Now you know why the old saying "Measure Twice Cut Once" was written. I think it would look best if you took a piece of matching lumber and cut a formfitting piece to fit the sink and use it as an overlay.


----------



## firehawkmph (Dec 12, 2009)

Get a wide enough filler strip and make a new piece for the cutout area. Shouldn't be that difficult to get what's left of the piece you cut out. Should be pocket screws and maybe glue holding it in. Make a template out of thin cardboard or something next time. 
Mike Hawkins


----------



## chandler48 (Jun 5, 2017)

Just an observation. I would cut two stiles the same thickness as the doors and taper the length to match the taper of the sink and squareness of the outer edge of the cabinet, and apply them with glue and finish nails. It just seems the cabinet needs a relief balance at that point. Not underneath so much as just the stiles. Cut them square at the bottom of the sink.


----------



## carpdad (Oct 11, 2010)

Trim can work but may look out of place no matter what. First it won't match other cabinets. You won't match the finish. May clean differently. Depends on quality you want, but may have to bite the bullet and go get a new cabinet made for such a sink. If trim, first seal all cut edge with smear of silicon.


----------



## rbiankowski (Apr 24, 2017)

chandler48 said:


> Just an observation. I would cut two stiles the same thickness as the doors and taper the length to match the taper of the sink and squareness of the outer edge of the cabinet, and apply them with glue and finish nails. It just seems the cabinet needs a relief balance at that point. Not underneath so much as just the stiles. Cut them square at the bottom of the sink.

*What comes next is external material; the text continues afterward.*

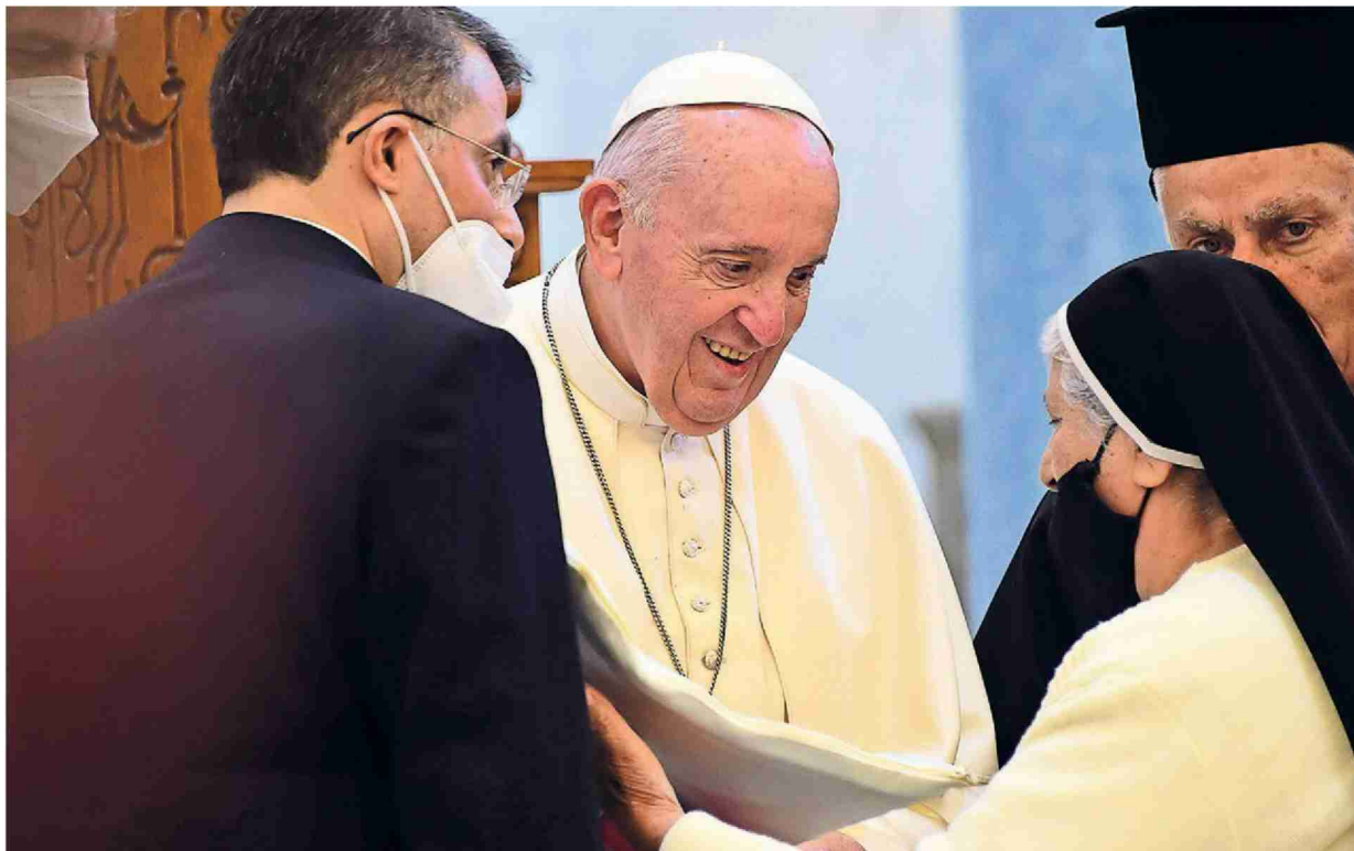
Papst Franziskus trifft mit einer Ordensfrau im Irak zusammen

Papst Franziskus besuchte als erster Papst den Irak. Die irakischen Christen durchlebten in den vergangenen Jahren eine sehr schwierige Zeit. Ihre Anzahl ging von über einer Million auf heute noch rund 250'000 zurück. Das Hilfswerk «Kirche in Not (ACN)» CH/FL möchte die irakische Bevölkerung unterstützen.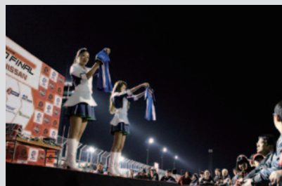
各チーム、監督、選手のご協力をいただき、熊本地震復興支援活動の一環としてチャリティオークションが行われました。

So basically like a false drawer appearance?


----------



## rbiankowski (Apr 24, 2017)

firehawkmph said:


> Get a wide enough filler strip and make a new piece for the cutout area. Shouldn't be that difficult to get what's left of the piece you cut out. Should be pocket screws and maybe glue holding it in. Make a template out of thin cardboard or something next time.
> Mike Hawkins


You mean just fill the gap with a triangle piece? I've thought about it to try it out first before adding trim to be honest. My only concern would be trying to seal the seams somehow. I don't think the sawdust trick would work here..


----------



## chandler48 (Jun 5, 2017)

I actually had a Paint rendition of artwork, but it didn't take. I would make trim boards cut the design of the semi triangle and attach them to the face, covering the booger.


----------



## rbiankowski (Apr 24, 2017)

chandler48 said:


> I actually had a Paint rendition of artwork, but it didn't take. I would make trim boards cut the design of the semi triangle and attach them to the face, covering the booger.


Makes total sense. Any clever way to template this? Maybe do it on a piece of cardboard first and see if it matches?


----------



## chandler48 (Jun 5, 2017)

You could use a carpenter's bevel square and set the black part on top of the cabinet and find the angle with the metal part, lock it down and duplicate it on a 1x4. Once you are sure of that angle, rip the opposite side off square and cut to length.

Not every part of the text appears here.